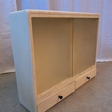 Klassisk gammelt badeværelsesskab i træ med enkelt oprindelig glaslåge i matteret glas. Vintage, retro, hyggeligt.
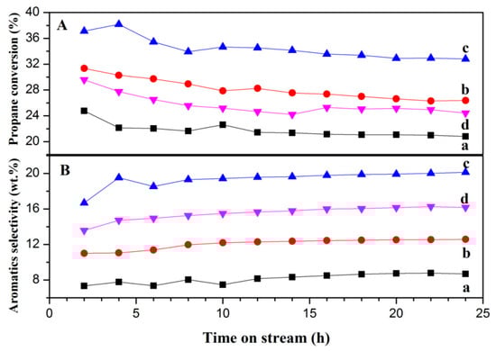 Propane conversion (A) and aromatics selectivity (B) with the time on stream (TOS) over HZSM-5 catalysts: HZ(0) (a), HZ(0.4) (b), HZ(0.8) (c) and HZ(1.1) (d). at 550 °C with weight hourly space velocity (WHSV) of propane being 0.6 h−1 and N2/C3H8 ratio being 2.5 in feedstock.
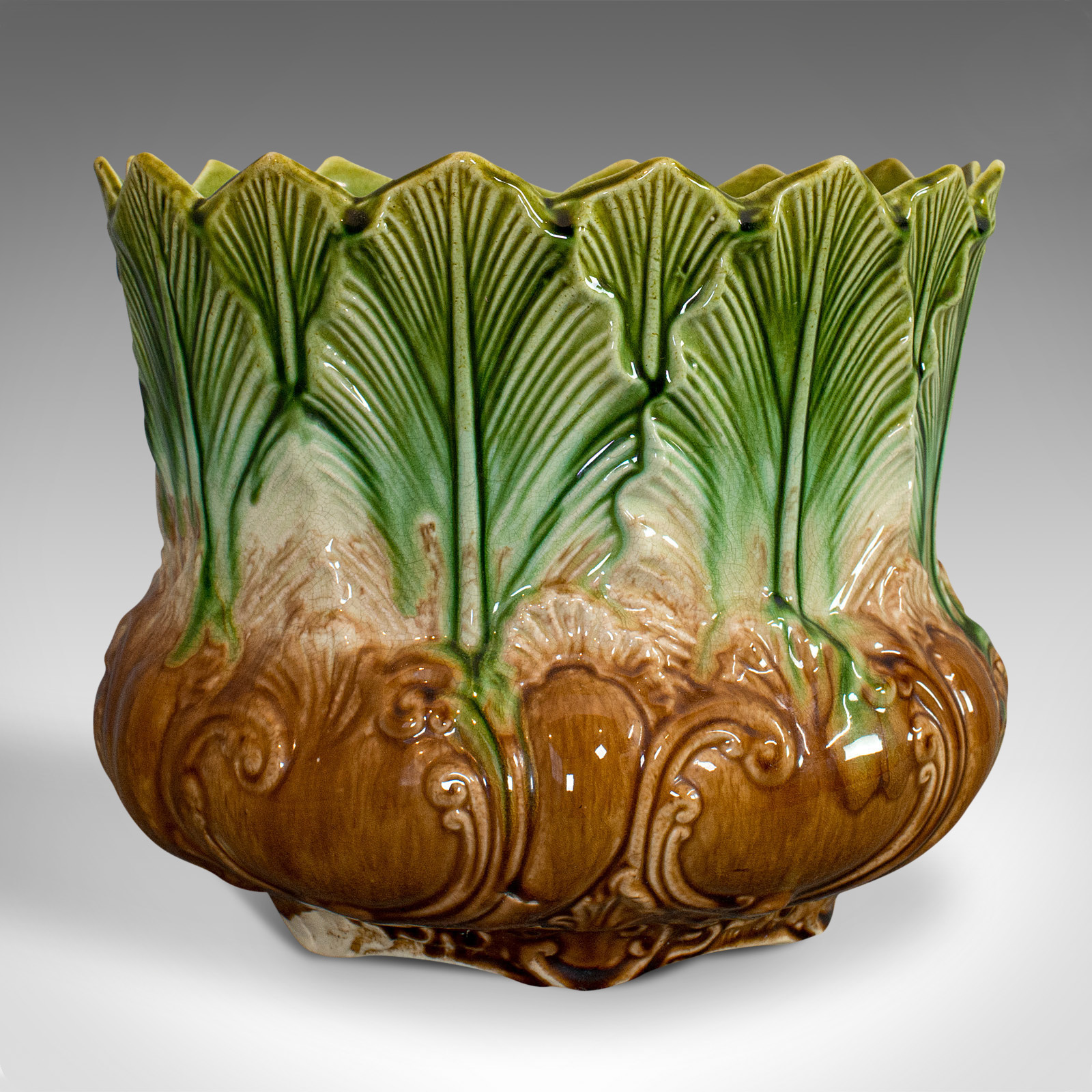 Antique Planter, English, Majolica, New Leaf, Jardinière, Art Nouveau, Victorian
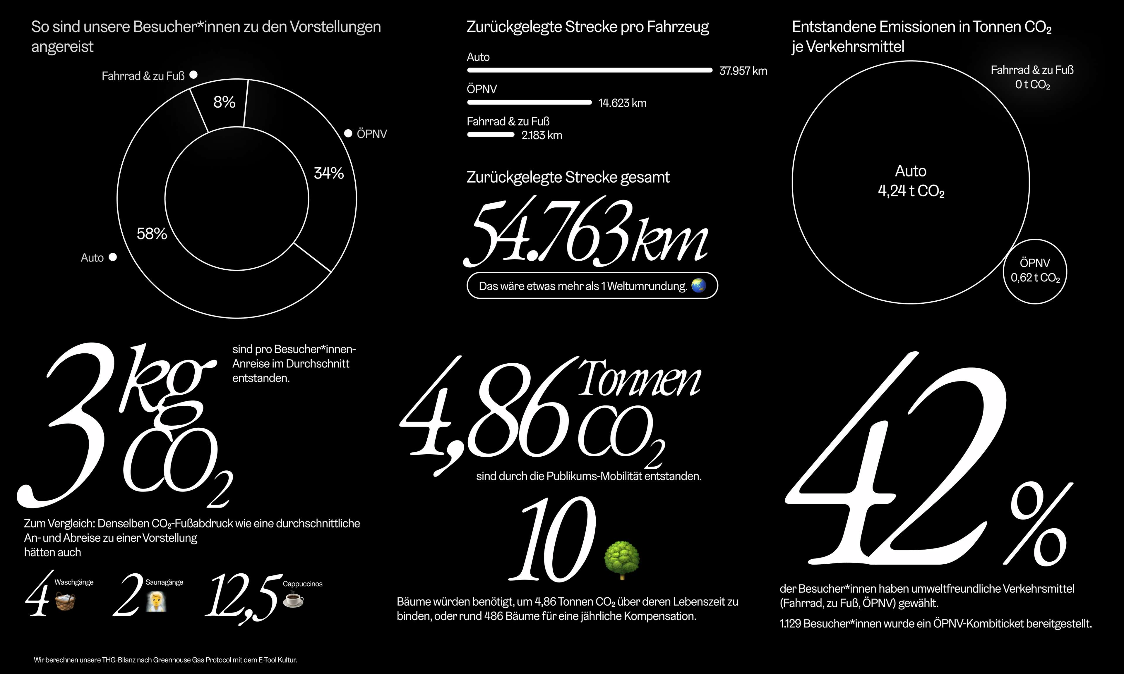 Als „Join“ im September Premiere in Dresden gefeiert hat, haben wir unser Publikum über seine Anreise befragt. „Join“ wird im Programm „Fonds Zero“ der Kulturstiftung des Bundes gefördert, was Kultureinrichtungen darin unterstützen soll, klimafreundlichere Produktionsformen und neue Ästhetiken mit geringstmöglicher Klimawirkung zu erproben. Im Laufe des Prozesses werden die CO2- Emissionen erfasst, so eben auch die bei der Anreise unseres Publikums zu den Vorstellungen in Dresden. Wir hoffen, dass wir durch Einsparpotential, das sich bei diesem Projekt zeigt, auch in Zukunft unsere Arbeitsweise ökologisch nachhaltiger gestalten können.
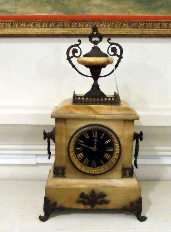 Neoclassical style spelter mounted onyx mantle clock retailed by bailey, banks and biddle, philadelphia
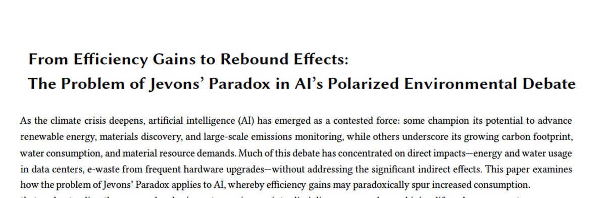 DeepSeek forces a rethink of the compute & energy costs of AI models. In a new paper with @SashaMTL @strubell, we look at the full environmental impacts of AI โ€“ both direct and indirect โ€“ and what Jevons Paradox means for AI and climate. A thread: ๐Ÿงต [Translated from EN to English]
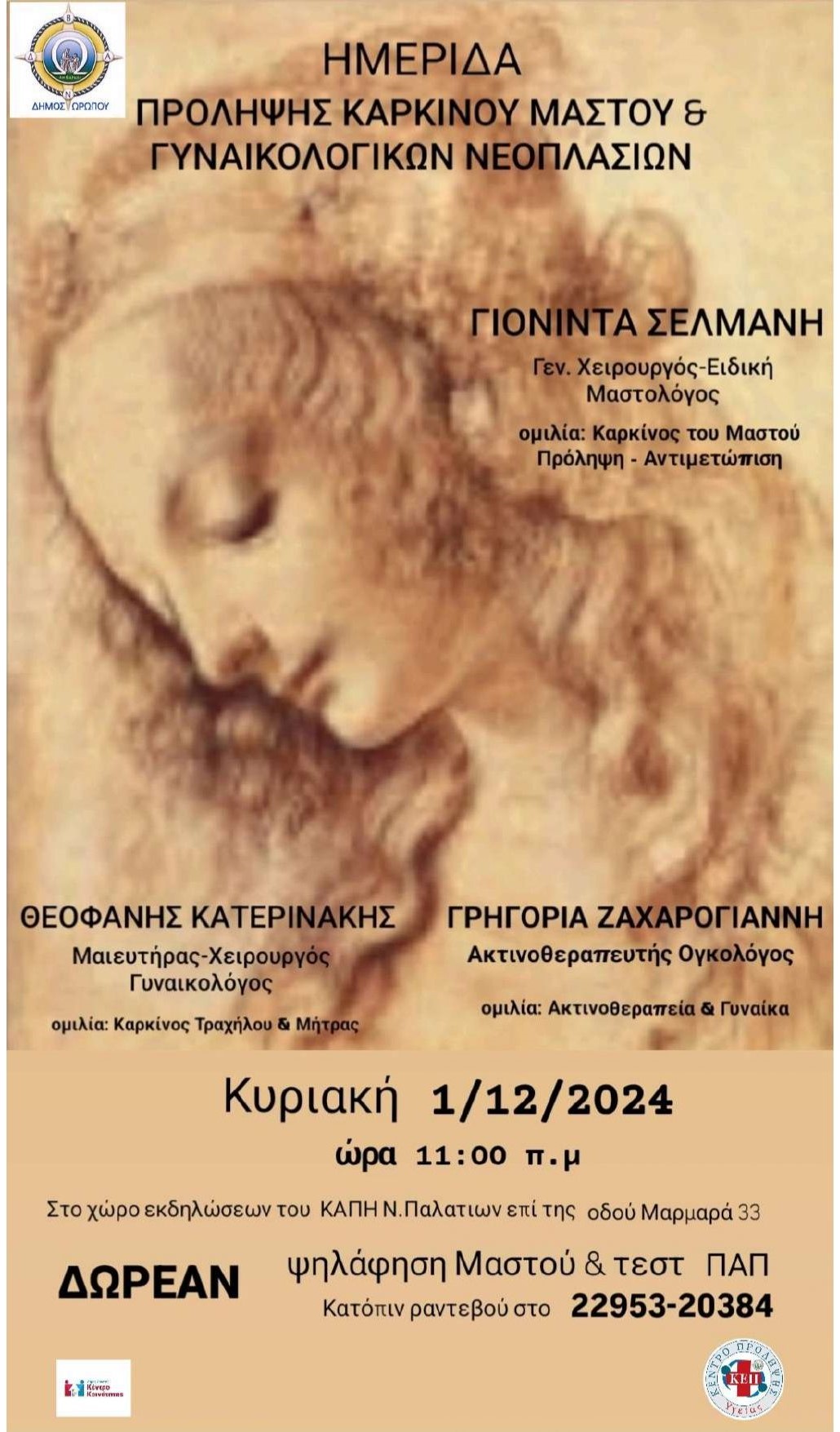 Ο Δήμος Ωρωπού και το Κ.Ε.Π. Υγείας του Δήμου οργανώνουν σε συνεργασία με την Γιονίντα Σελμάνη Γενικό Χειρουργό - Ειδική Μαστολόγο, τον Θεοφάνη Κατερινάκη Μαιευτήρα - Χειρουργό Γυναικολόγο, και την Ζαχαρογιάννη Γρηγορία, Ακτινοθεραπευτή Ογκολόγο, ημερίδα ενημέρωσης, ευαισθητοποίησης και πρόληψης των γυναικών, η οποία θα περιλαμβάνει και προληπτικές εξετάσεις από τους εξειδικευμένους Ιατρούς (προληπτικός έλεγχος μαστών & τεστ ΠΑΠ).
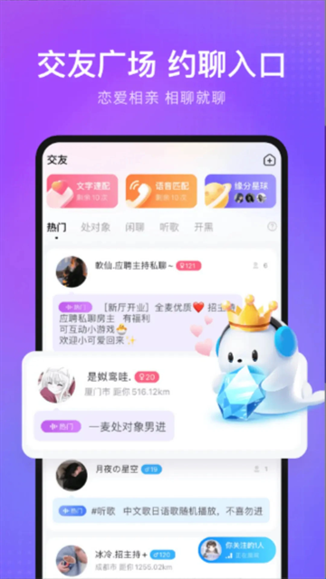 轻语是一款深受年轻人喜欢的语音交友应用软件,在该应用中用户可以结交更多的异性,帮助用户早日脱单,开启定位,你可以找到附近的用户结交,趣味相投的聊天可以在熟悉的时候线下见面。软件汇集来自五湖西海的小伙伴们,在这里你可以找到有趣的男朋友/女朋友,互换虚拟礼物,听到有趣的声音,碰到有趣的灵魂。快来一起玩耍吧!
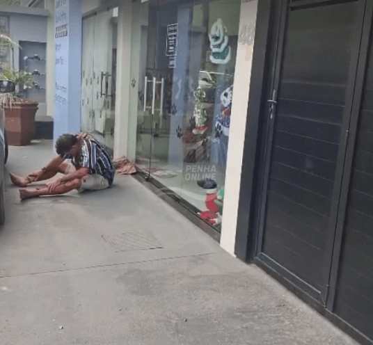 Em outro registro, a cena ocorreu em frente a um pet shop, na Praia Alegre, onde um morador de rua teria vomitado e deitado na entrada do comércio durante o expediente. “Olha a situação, pet shop aberto, sábado de sol lindo, praia cheia, movimento aqui no Algodão Doce e esse cidadão vomitando na frente da loja, com o cobertor dormindo na porta da loja aberta. Chegou a um ponto que não tem mais o que fazer. O pior é que os comerciantes não querem se indispor. O cara estava rolando até quase para dentro, abrindo a porta do comércio. Eles estão lavando os cachorrinhos lá. Agora ele está um pouquinho mais para lá. Eu já falei com a proprietária da pet, ela também queria fazer alguma coisa. Realmente é uma situação que ela estava só com funcionários mulheres. Depois eu conversei com ela e ela estava com bastante medo”, relatou uma moradora.
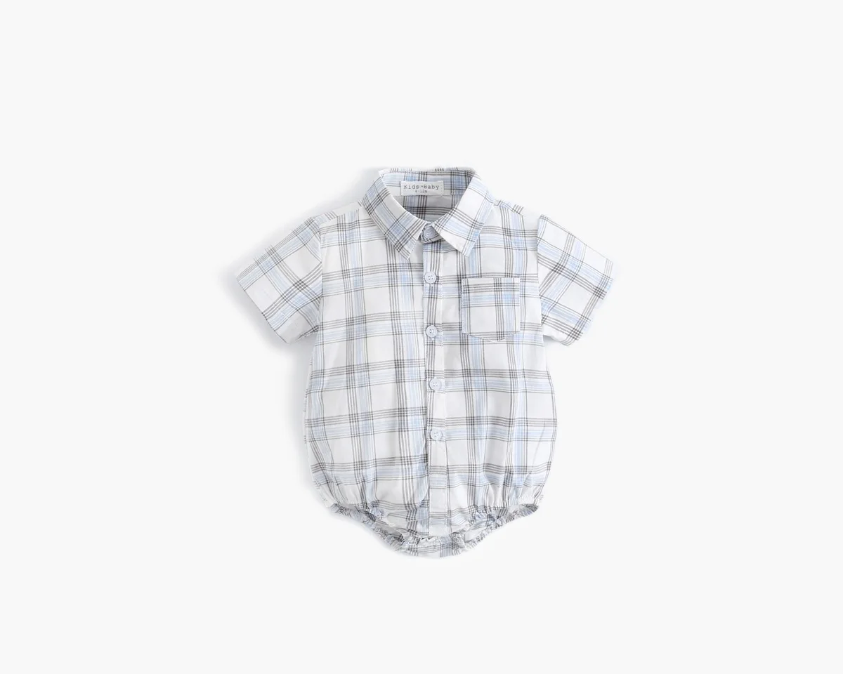 Комбинезон детский хлопковый, с коротким рукавом, в клетку
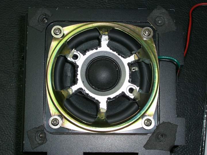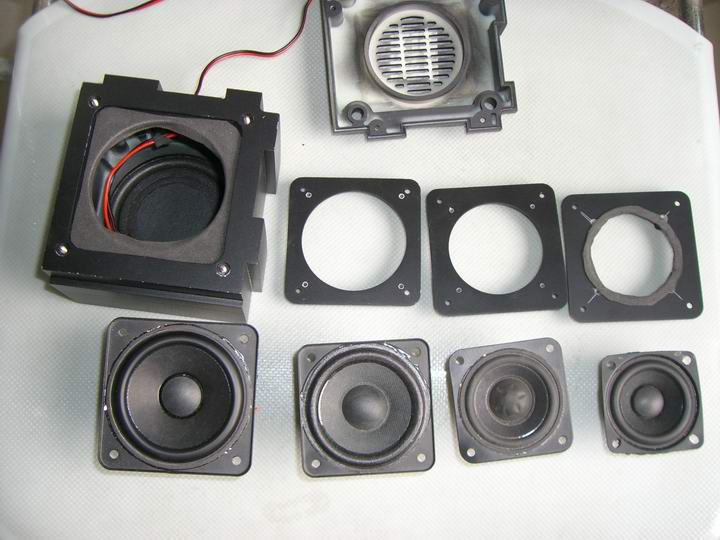 为了获得最佳效果,设计了适用多种箱体结构和喇叭的结构,从2寸到4寸。图中这个箱体结构原是一个二阶被动辐射器结构设计,上部那个后盖还安装有一个2.5寸被动辐射器(图中还没有安装,该结构试验后没有采用)。
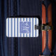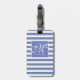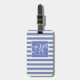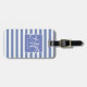 Klassisk blå och vit randig - skriptmonogram bagagebricka
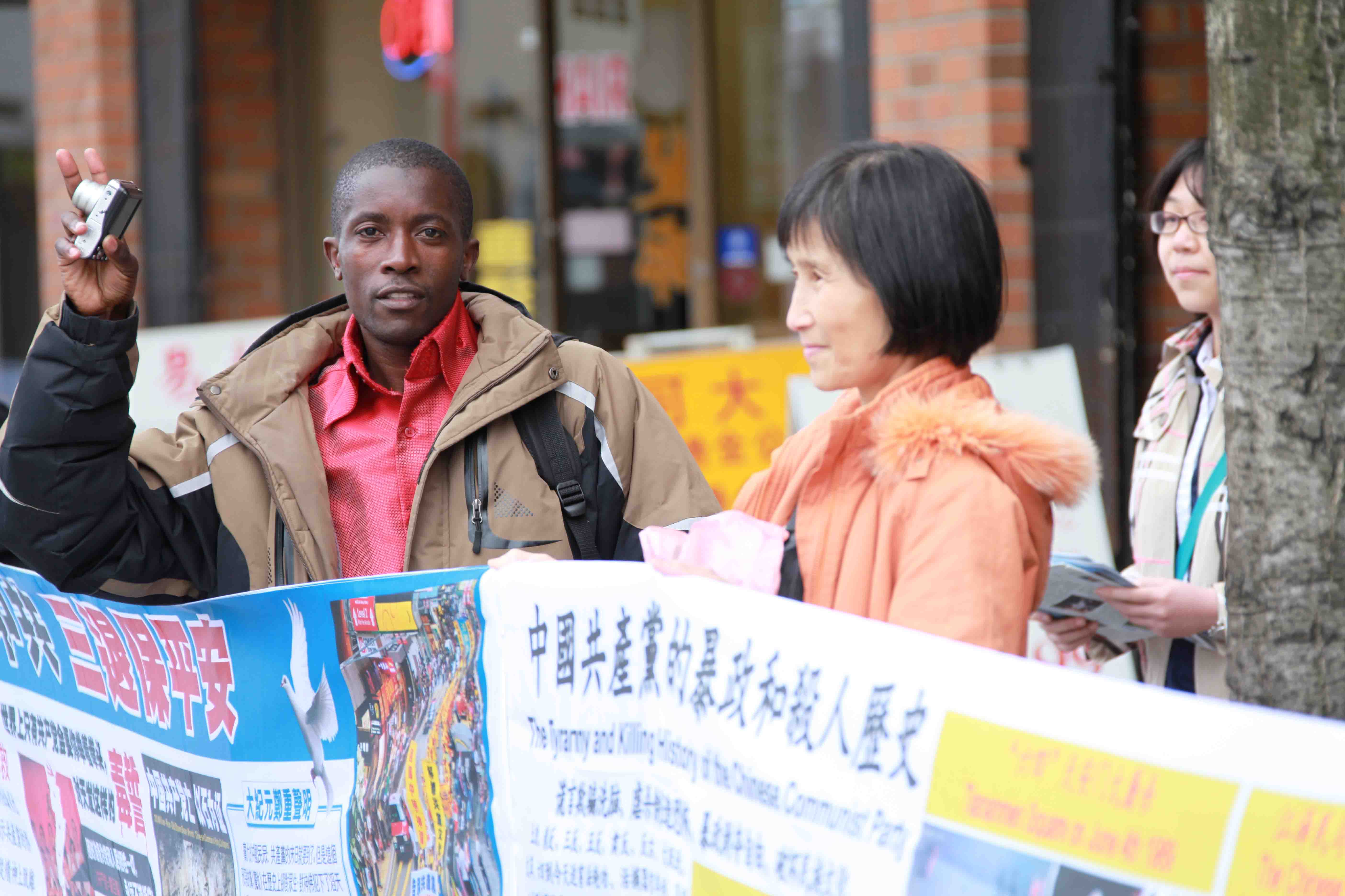 Yasin M Kiraga 先生毕业于加拿大著名大学UBC的政治科学系,他是非洲事务咨询公司、非洲政治传讯网络(Afro Political Communications network )的总裁和首席执行官,他在唐人街看到法轮功学员的反迫害活动后,禁不住停下来,在了解真相后,主动表示要站在法轮功学员的横幅后面留影表示支持并现场发表演讲, 他表示法轮功学员信仰真善忍,受到中共残酷镇压,已经有十五年,对真善忍的镇压是不可接受的。
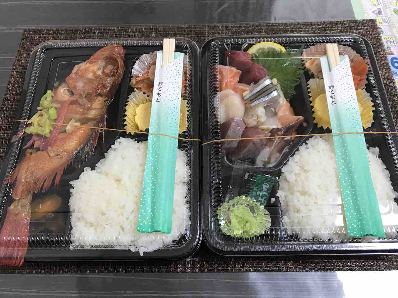 いちますさんの唐揚げもうまいんですが、本日はお刺身弁当×2、煮魚弁当×1にしておきました。
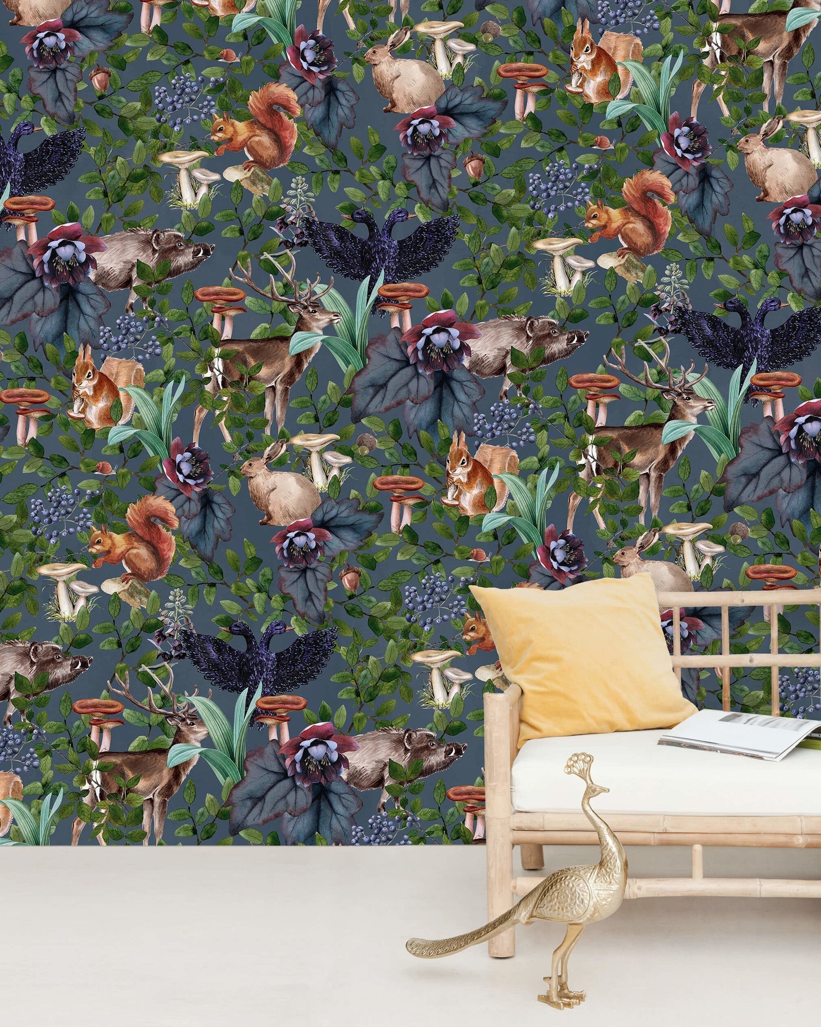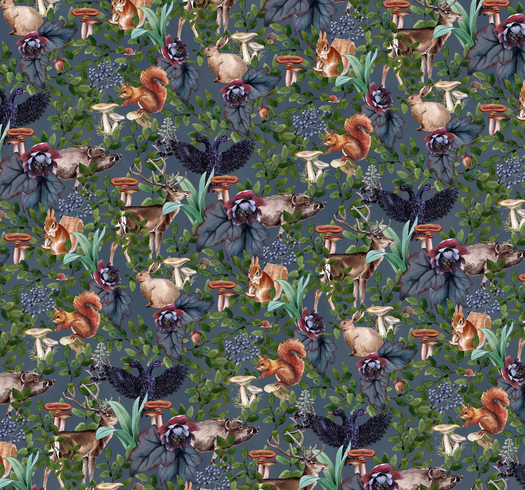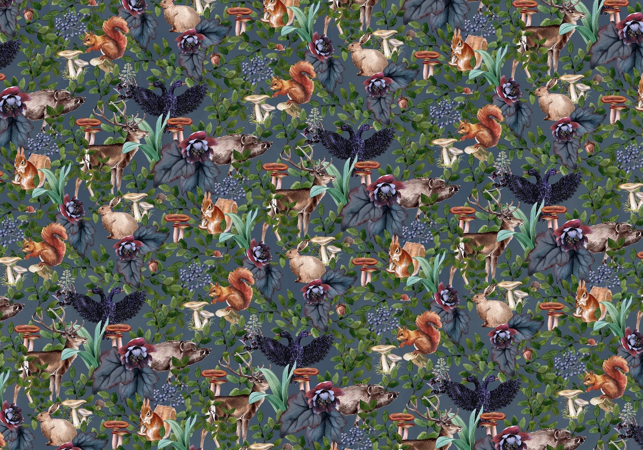 Oh Deer design with cute deers and squirrels in a cosy autumn setting. Lovely and unique deep toned background. Design by Creative Lab Amsterdam.

= = = = = = =

## PROBLEM TO SOLVE
An exact copy of every entry above is needed, minus the pictures.

## EXERCISE ANSWER
 Klassisk gammelt badeværelsesskab i træ med enkelt oprindelig glaslåge i matteret glas. Vintage, retro, hyggeligt.
 Propane conversion (A) and aromatics selectivity (B) with the time on stream (TOS) over HZSM-5 catalysts: HZ(0) (a), HZ(0.4) (b), HZ(0.8) (c) and HZ(1.1) (d). at 550 °C with weight hourly space velocity (WHSV) of propane being 0.6 h−1 and N2/C3H8 ratio being 2.5 in feedstock.
 Antique Planter, English, Majolica, New Leaf, Jardinière, Art Nouveau, Victorian
 Als „Join“ im September Premiere in Dresden gefeiert hat, haben wir unser Publikum über seine Anreise befragt. „Join“ wird im Programm „Fonds Zero“ der Kulturstiftung des Bundes gefördert, was Kultureinrichtungen darin unterstützen soll, klimafreundlichere Produktionsformen und neue Ästhetiken mit geringstmöglicher Klimawirkung zu erproben. Im Laufe des Prozesses werden die CO2- Emissionen erfasst, so eben auch die bei der Anreise unseres Publikums zu den Vorstellungen in Dresden. Wir hoffen, dass wir durch Einsparpotential, das sich bei diesem Projekt zeigt, auch in Zukunft unsere Arbeitsweise ökologisch nachhaltiger gestalten können.
 Neoclassical style spelter mounted onyx mantle clock retailed by bailey, banks and biddle, philadelphia
 DeepSeek forces a rethink of the compute & energy costs of AI models. In a new paper with @SashaMTL @strubell, we look at the full environmental impacts of AI โ€“ both direct and indirect โ€“ and what Jevons Paradox means for AI and climate. A thread: ๐Ÿงต [Translated from EN to English]
 Ο Δήμος Ωρωπού και το Κ.Ε.Π. Υγείας του Δήμου οργανώνουν σε συνεργασία με την Γιονίντα Σελμάνη Γενικό Χειρουργό - Ειδική Μαστολόγο, τον Θεοφάνη Κατερινάκη Μαιευτήρα - Χειρουργό Γυναικολόγο, και την Ζαχαρογιάννη Γρηγορία, Ακτινοθεραπευτή Ογκολόγο, ημερίδα ενημέρωσης, ευαισθητοποίησης και πρόληψης των γυναικών, η οποία θα περιλαμβάνει και προληπτικές εξετάσεις από τους εξειδικευμένους Ιατρούς (προληπτικός έλεγχος μαστών & τεστ ΠΑΠ).
 轻语是一款深受年轻人喜欢的语音交友应用软件,在该应用中用户可以结交更多的异性,帮助用户早日脱单,开启定位,你可以找到附近的用户结交,趣味相投的聊天可以在熟悉的时候线下见面。软件汇集来自五湖西海的小伙伴们,在这里你可以找到有趣的男朋友/女朋友,互换虚拟礼物,听到有趣的声音,碰到有趣的灵魂。快来一起玩耍吧!
 Em outro registro, a cena ocorreu em frente a um pet shop, na Praia Alegre, onde um morador de rua teria vomitado e deitado na entrada do comércio durante o expediente. “Olha a situação, pet shop aberto, sábado de sol lindo, praia cheia, movimento aqui no Algodão Doce e esse cidadão vomitando na frente da loja, com o cobertor dormindo na porta da loja aberta. Chegou a um ponto que não tem mais o que fazer. O pior é que os comerciantes não querem se indispor. O cara estava rolando até quase para dentro, abrindo a porta do comércio. Eles estão lavando os cachorrinhos lá. Agora ele está um pouquinho mais para lá. Eu já falei com a proprietária da pet, ela também queria fazer alguma coisa. Realmente é uma situação que ela estava só com funcionários mulheres. Depois eu conversei com ela e ela estava com bastante medo”, relatou uma moradora.
 Комбинезон детский хлопковый, с коротким рукавом, в клетку
 为了获得最佳效果,设计了适用多种箱体结构和喇叭的结构,从2寸到4寸。图中这个箱体结构原是一个二阶被动辐射器结构设计,上部那个后盖还安装有一个2.5寸被动辐射器(图中还没有安装,该结构试验后没有采用)。
 Klassisk blå och vit randig - skriptmonogram bagagebricka
 Yasin M Kiraga 先生毕业于加拿大著名大学UBC的政治科学系,他是非洲事务咨询公司、非洲政治传讯网络(Afro Political Communications network )的总裁和首席执行官,他在唐人街看到法轮功学员的反迫害活动后,禁不住停下来,在了解真相后,主动表示要站在法轮功学员的横幅后面留影表示支持并现场发表演讲, 他表示法轮功学员信仰真善忍,受到中共残酷镇压,已经有十五年,对真善忍的镇压是不可接受的。
 いちますさんの唐揚げもうまいんですが、本日はお刺身弁当×2、煮魚弁当×1にしておきました。
 Oh Deer design with cute deers and squirrels in a cosy autumn setting. Lovely and unique deep toned background. Design by Creative Lab Amsterdam.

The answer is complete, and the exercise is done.